=== Aim of the task ===
Exactly as written, transcribe the data from its opening line through the line containing "இதில், 6 அடி". Leave every picture out.

=== Available data ===
.....

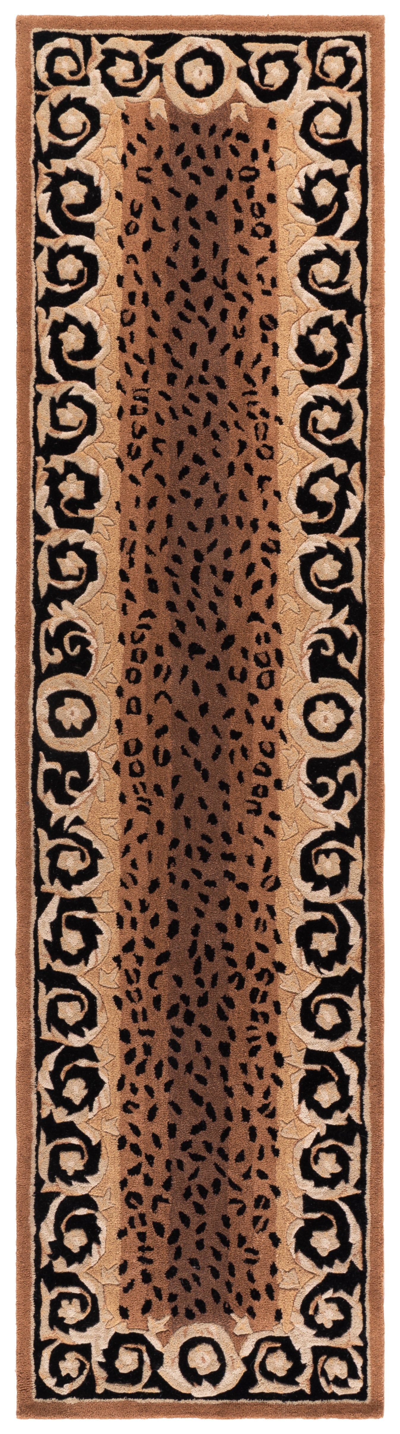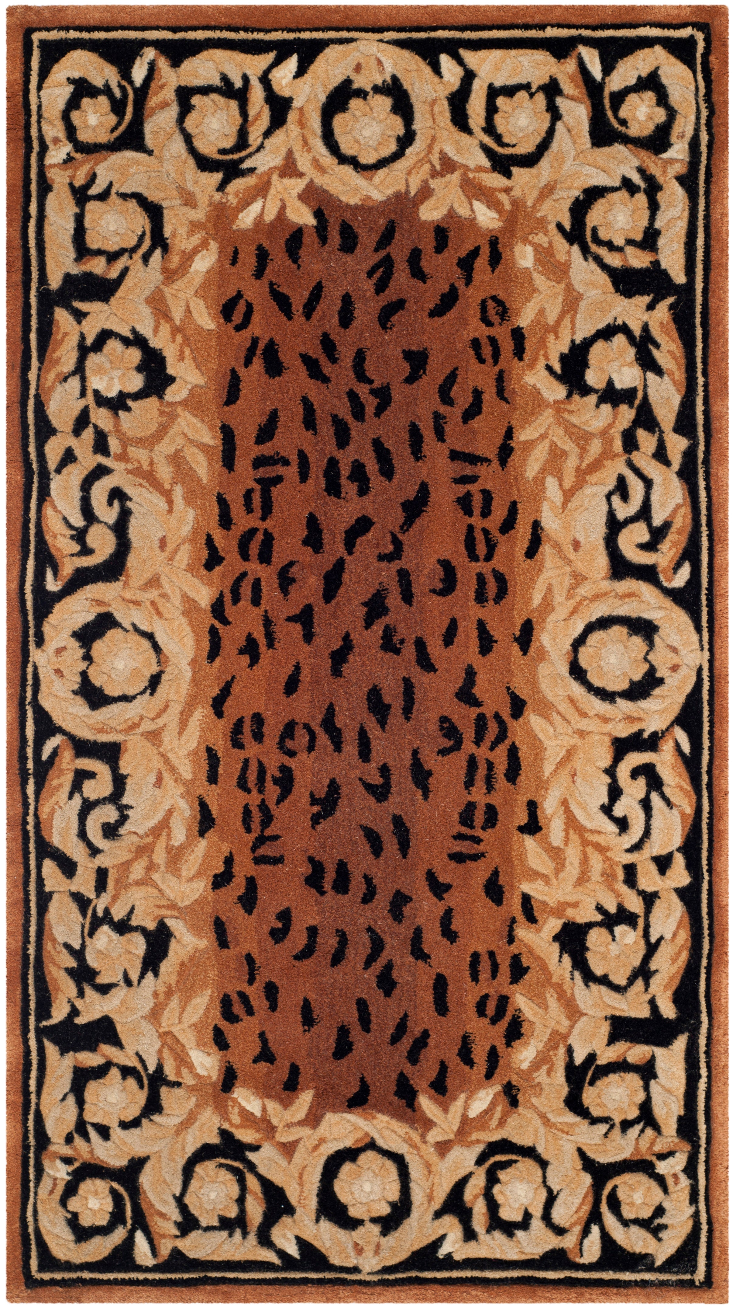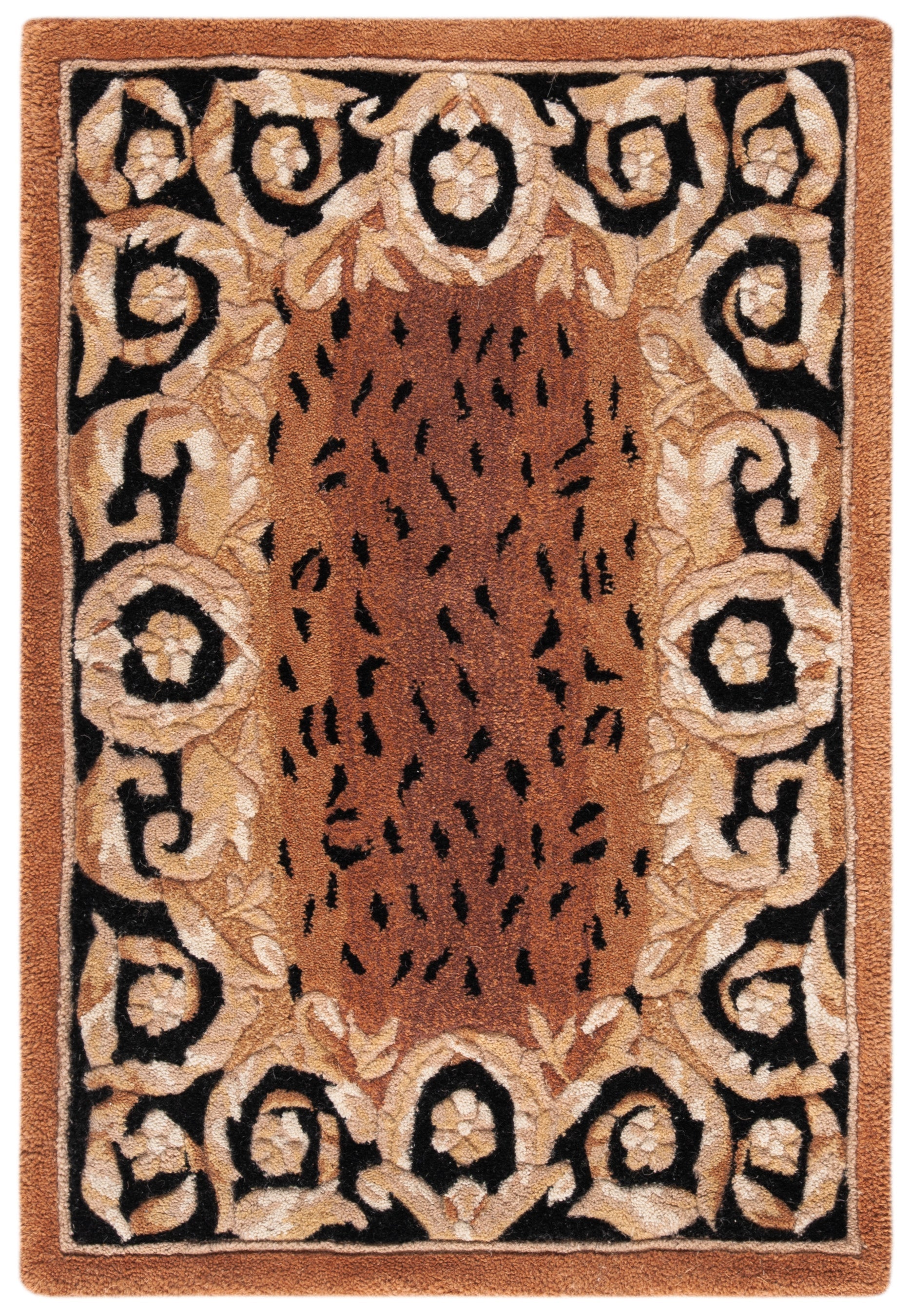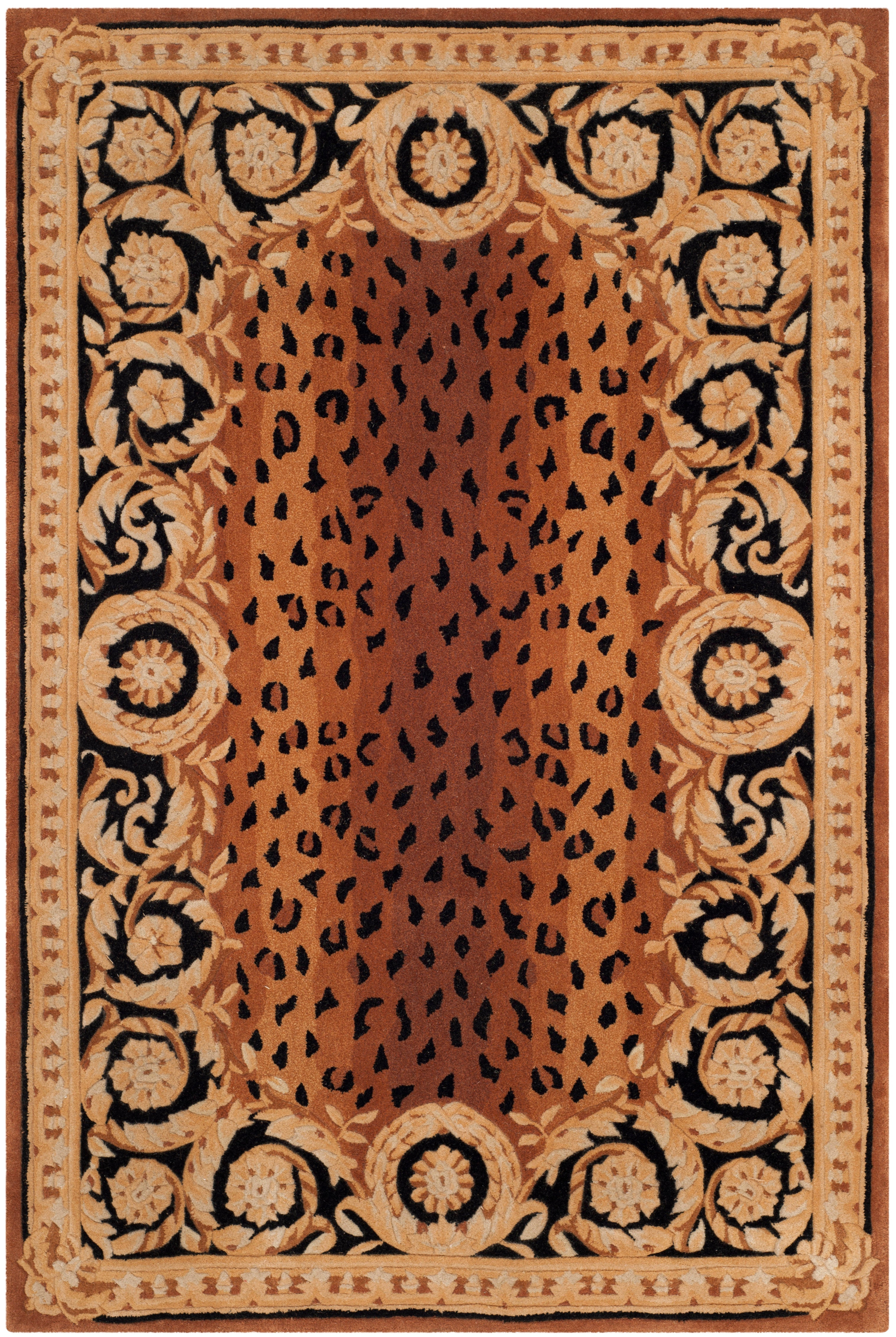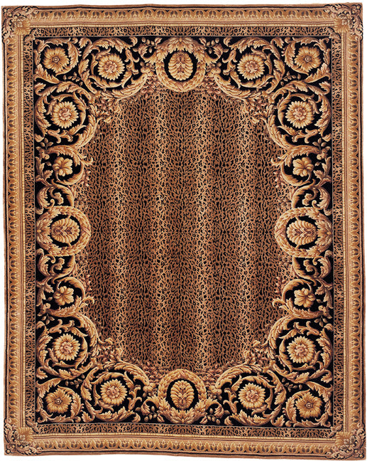 Crafted with the utmost care from the finest wool, our rug features a compelling black and gold color palette that commands attention and adds a touch of opulence to your home decor. The ornate design, as seen in the image provided, exhibits a rich blend of floral and vine motifs, bordered with an intricate pattern that frames the rug beautifully.
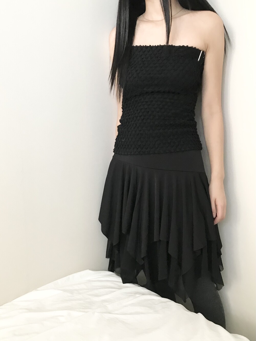 살랑거리면서 겹겹으로 쌓여있는 언발한 러플 디테일이
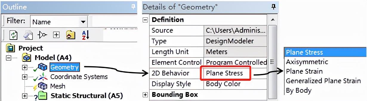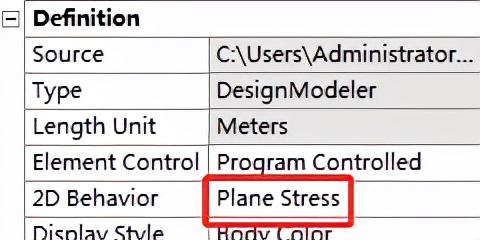 进入Mechanical,设置Geometry属性中的2D行为(2D Behanior),可设置选项有:平面应力Plane Stress(默认)、平面应变Plane Strain、轴对称Axisymmetric、一般的平面应变Generalized Plane Strain、基于几何体 By Body等。
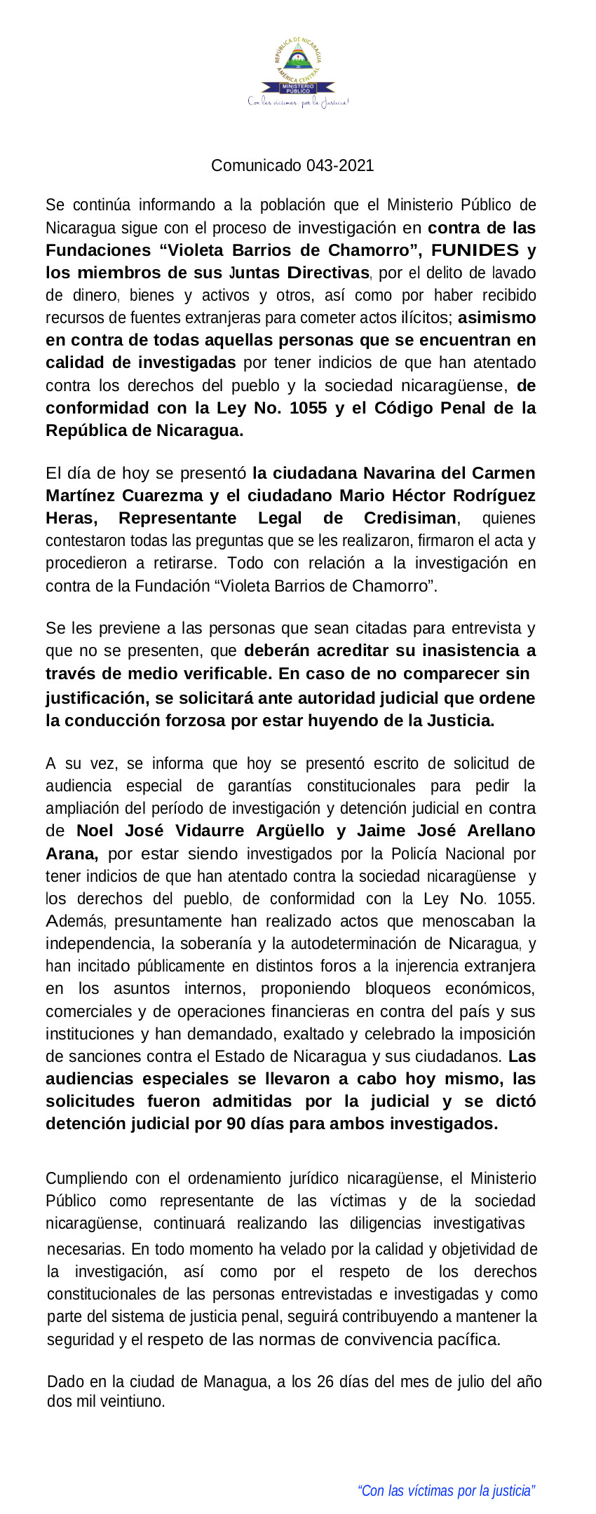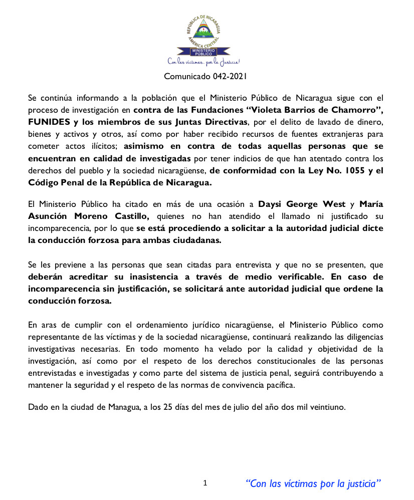 Managua, 25 de Julio, 2021
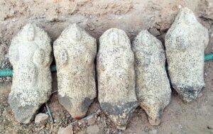 இதில், 6 அடி ஆழத்துக்கு குழி தோண்டியபோது, கற்களால் ஆன சுவாமி சிலைகள் மண்ணுக்குள் புதைந்திருந்தது தெரியவந்தது. இதையடுத்து, பக்கவாட்டில் சுற்றிலும் குழி தோண்டப்பட்டு, மண்ணில் புதைந்திருந்த தலா ஓரடி உயரமுள்ள 6 சுவாமி கற்சிலைகள் வெளியே எடுக்கப் பட்டன.
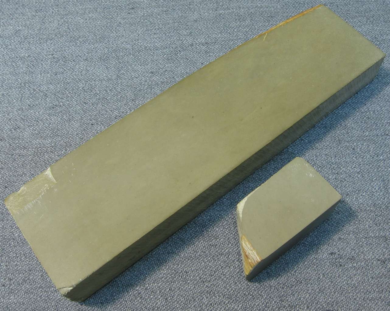 Размеры камня: 184*51*22 мм, вес: 497 мм. Тома-нагура отдельно. Вес нагур: томо-нагура - 55 гр, ботан - 87 гр, тензе- 75 гр, маджиро - 79 гр. Цена за все (продаю ровно за столько покупал): 7200 руб. Доставка почтой-россией 1 классом бандеролью - 250 руб. Доставка ускоренная - считается отдельно (смотря в какой город и какой компанией). В г. Новосибирск можно посмотреть, попробовать, и забрать лично. Камень таким как я его купил, можно посмотреть тут: http://www.ebay.com/itm/261303000749?ss ... 1439.l2649" onclick="window.open(this.href);return false; В последствии печати стерлись, а так же я отпилил кусочек на томо-нагура (его же камень для наведения суспензии), обратная сторона была выровнена, как и передняя и обе стороны доведены до зеркала под углом. С одного угла с одной из с торон имеется желтая прожилка, которая иногда немного ощутима при работе на чистом камне и думаю лучше её обходить. Эта же сторона камня практически прямоуголна-плоская, обратная с некоторыми сколами, по 2 углам. Никаких трещин нет - смотрите пожалуйста фото, там всё видно. Камень работает крайне быстро, суспензия выделяется, при работе на чистом камне, неохотно, но она есть. Ещё цитата моя же из другой темы: Spoiler Show
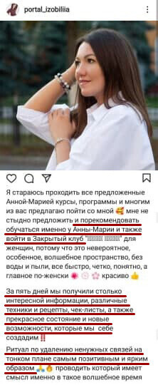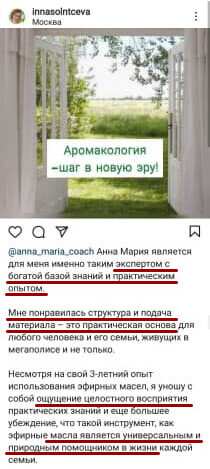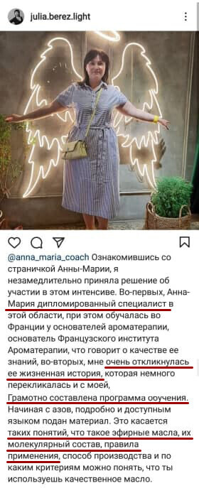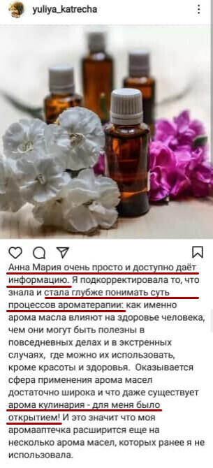 Анна Мария преподает французскую ароматерапию и ольфактотерапию — направления, основанные на научных исследованиях и медицинской практике с доказательной базой. В частности, ароматерапия во Франции относится к комплементарной медицине — дополнение и поддержка традиционной медицины с помощью природных средств. И практикуется в госпиталях и центрах реабилитации, в домах престарелых.
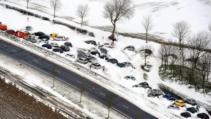 À Caen, la station mesure 22 centimètres mais les congères sont bien plus importantes. Le toit du parc des expositions ne résiste pas et s'effondre sous le poids de la neige. Sur la route, c'est la pagaille complète. Des milliers d'automobilistes se retrouvent bloqués. Certains dorment dans leurs véhicules, d'autres les abandonnent et reviennent les dégager le lendemain à grands coups de pelle.
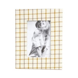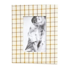 Beige Plaid Fabric Photo Frame, 5×7 Inch Rustic Tabletop Display Stand, Classic Tartan Pattern Photo Frame and Home Accent, PU Photo Frame Holiday Gift
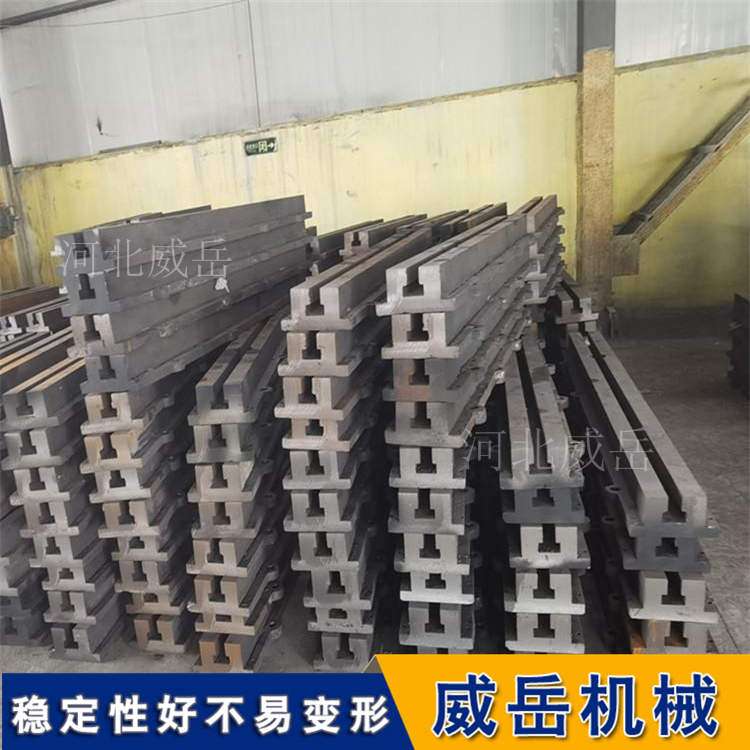 T型槽地轨材质为优强度灰口铸铁HT200-250,工作面硬度为HB170-240,铸件经过两次人工退火600℃-700℃或自然时效2-3年,完全去除内应力,精度稳定,耐磨性能好。

.....

=== Worked solution ===
 Crafted with the utmost care from the finest wool, our rug features a compelling black and gold color palette that commands attention and adds a touch of opulence to your home decor. The ornate design, as seen in the image provided, exhibits a rich blend of floral and vine motifs, bordered with an intricate pattern that frames the rug beautifully.
 살랑거리면서 겹겹으로 쌓여있는 언발한 러플 디테일이
 进入Mechanical,设置Geometry属性中的2D行为(2D Behanior),可设置选项有:平面应力Plane Stress(默认)、平面应变Plane Strain、轴对称Axisymmetric、一般的平面应变Generalized Plane Strain、基于几何体 By Body等。
 Managua, 25 de Julio, 2021
 இதில், 6 அடி ஆழத்துக்கு குழி தோண்டியபோது, கற்களால் ஆன சுவாமி சிலைகள் மண்ணுக்குள் புதைந்திருந்தது தெரியவந்தது. இதையடுத்து, பக்கவாட்டில் சுற்றிலும் குழி தோண்டப்பட்டு, மண்ணில் புதைந்திருந்த தலா ஓரடி உயரமுள்ள 6 சுவாமி கற்சிலைகள் வெளியே எடுக்கப் பட்டன.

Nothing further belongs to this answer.